- **PROBLEM DETAILS**: An exact copy of all the data is required, with pictures left out.

- **DATA BLOCK**:
==================================================

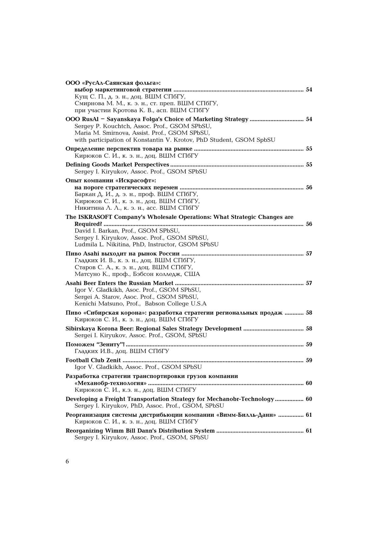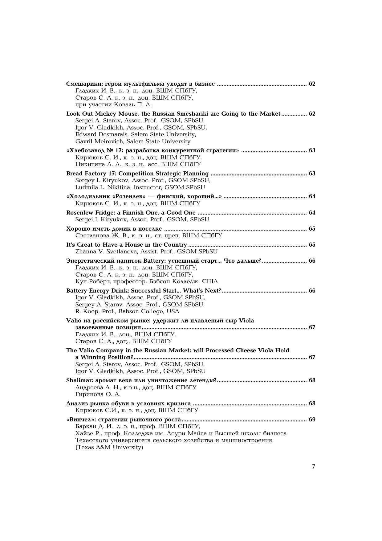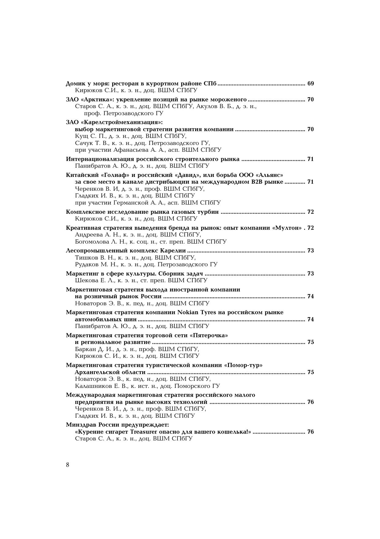 Настоящий сборник представляет собой седьмое издание аннотированного указателя учебных кейсов, созданных преподавателями Высшей школы менеджмента СПбГУ за период с 1999 по 2013 г. В указатель включены кейсы, размещенные в электронной библиотеке Российского центра учебных кейсов – РЦУК (www.case-center.ru), и кейсы, зарегистрированные в Европейском центре учебных кейсов (European Case Clearing House, ECCH). Предоставлена информация о публикациях кейсов ВШМ СПбГУ в российских и зарубежных изданиях. Кейсы предназначены для использования на программах бизнес-образования различного уровня. Аннотированный указатель позволяет облегчить поиск и заказ учебных кейсов преподавателям, студентам, аспирантам, слушателям школ бизнеса, а также менеджерам, занятым в сфере управления организациями.
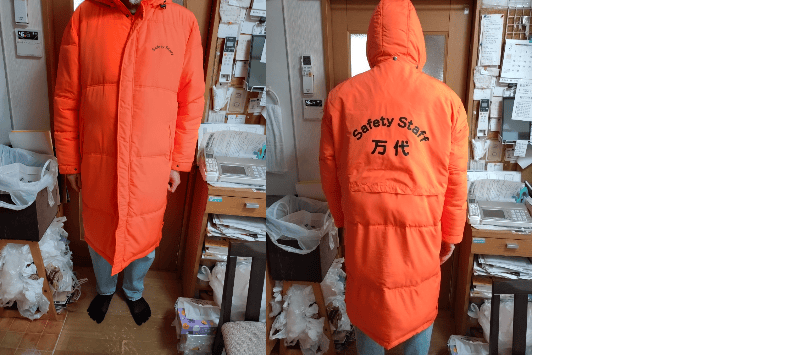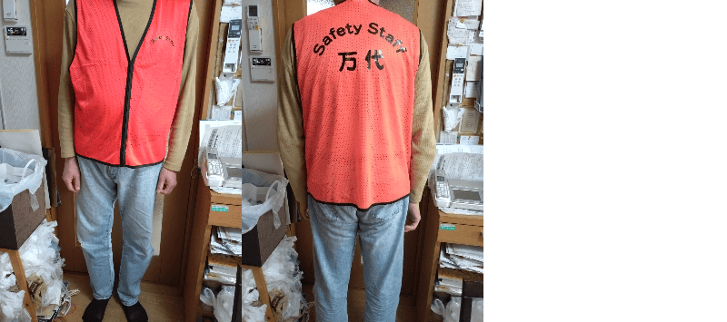 万代コミ協街づくり部会では、セーフティスタッフ、万代コミ協会員用の夏用のビブスとセーフティスタッフの冬用ベンチコートを作成しました。
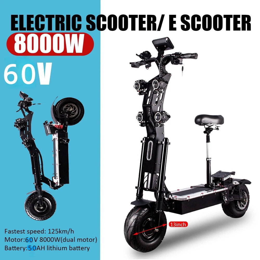 Product description Product: Electric scooter/ E-Scooter Motor Power 60V 80000W Tires 13"(On-Road Tires) Battery Capacity 60V 50A Long Range ECO-78Miles / TURBO-45Miles Gradeability 40° Maximum load weight 200KG/440Lb Charging time Dual charging port: 8-10h Screen LED Switching function Single /Double Drive Switching, Fixed -Speed Cruise Brake System XOD Oil Brake Seat Folding seat - lifts up and down. Product Dimensions 53"L*28"W *53"H Product weight 65kg Acceleration Method Handle Shock Absorbers Dual Spring Shock Maximum speed: 125 km/h Engine: 60V 8000W (twin engine) Battery: 50AH lithium battery Material: Aluminum Brake: Hydraulic brake Quick payment, Quick shipment! Due to the light and screen setting difference, the item's color on the picture may be slightly different from the actual color of the item. Please allow slight dimension difference due to different manual measurement. Thanks for your kindly understanding! PAYMENT: 1.We accept Payoneer only. 2.All major credit cards are accepted through secure payment processor Payoneer. 3.Payment must be received within 7 business days of auction closing. 4.We ship to your eBay or Payoneer address. Please make sure your eBay and Payoneer address is correct before you pay. SHIPPMENT: 1. Clear payment must be done within 5 days after placing the order; 2. We ship to Payoneer address, please make sure the address is correct before you pay, and make sure the phone number is filled in. 3. The item will shipped from US/Outside US. 4. The handling time usually takes 1-5 working days. 5. If you have any problem about tracking parcel or delivery time, pls contact us. -30 DAY MONEY BACK RETURN POLICY: 1. If you are unhappy with your item or changing of mind purchases for whatever reason, pls keep the item and package original. Buyer needs to afford the return postage. Besides, original postage will not return. 2. Please contact us within 30 days if you have a faulty item and we will cover the return postage where necessary, we do not cover this outside 30 days of purchase. -ADDRESS CHANGES: 1. If you enter the incorrect name or shipping details before purchasing, we will arrange shipment for you according to your ebay address. 2. We are not responsible for these changes if there is a mistake entered by the buyer.

==================================================

- **EXERCISE RESPONSE**:
 Настоящий сборник представляет собой седьмое издание аннотированного указателя учебных кейсов, созданных преподавателями Высшей школы менеджмента СПбГУ за период с 1999 по 2013 г. В указатель включены кейсы, размещенные в электронной библиотеке Российского центра учебных кейсов – РЦУК (www.case-center.ru), и кейсы, зарегистрированные в Европейском центре учебных кейсов (European Case Clearing House, ECCH). Предоставлена информация о публикациях кейсов ВШМ СПбГУ в российских и зарубежных изданиях. Кейсы предназначены для использования на программах бизнес-образования различного уровня. Аннотированный указатель позволяет облегчить поиск и заказ учебных кейсов преподавателям, студентам, аспирантам, слушателям школ бизнеса, а также менеджерам, занятым в сфере управления организациями.
 万代コミ協街づくり部会では、セーフティスタッフ、万代コミ協会員用の夏用のビブスとセーフティスタッフの冬用ベンチコートを作成しました。
 Product description Product: Electric scooter/ E-Scooter Motor Power 60V 80000W Tires 13"(On-Road Tires) Battery Capacity 60V 50A Long Range ECO-78Miles / TURBO-45Miles Gradeability 40° Maximum load weight 200KG/440Lb Charging time Dual charging port: 8-10h Screen LED Switching function Single /Double Drive Switching, Fixed -Speed Cruise Brake System XOD Oil Brake Seat Folding seat - lifts up and down. Product Dimensions 53"L*28"W *53"H Product weight 65kg Acceleration Method Handle Shock Absorbers Dual Spring Shock Maximum speed: 125 km/h Engine: 60V 8000W (twin engine) Battery: 50AH lithium battery Material: Aluminum Brake: Hydraulic brake Quick payment, Quick shipment! Due to the light and screen setting difference, the item's color on the picture may be slightly different from the actual color of the item. Please allow slight dimension difference due to different manual measurement. Thanks for your kindly understanding! PAYMENT: 1.We accept Payoneer only. 2.All major credit cards are accepted through secure payment processor Payoneer. 3.Payment must be received within 7 business days of auction closing. 4.We ship to your eBay or Payoneer address. Please make sure your eBay and Payoneer address is correct before you pay. SHIPPMENT: 1. Clear payment must be done within 5 days after placing the order; 2. We ship to Payoneer address, please make sure the address is correct before you pay, and make sure the phone number is filled in. 3. The item will shipped from US/Outside US. 4. The handling time usually takes 1-5 working days. 5. If you have any problem about tracking parcel or delivery time, pls contact us. -30 DAY MONEY BACK RETURN POLICY: 1. If you are unhappy with your item or changing of mind purchases for whatever reason, pls keep the item and package original. Buyer needs to afford the return postage. Besides, original postage will not return. 2. Please contact us within 30 days if you have a faulty item and we will cover the return postage where necessary, we do not cover this outside 30 days of purchase. -ADDRESS CHANGES: 1. If you enter the incorrect name or shipping details before purchasing, we will arrange shipment for you according to your ebay address. 2. We are not responsible for these changes if there is a mistake entered by the buyer.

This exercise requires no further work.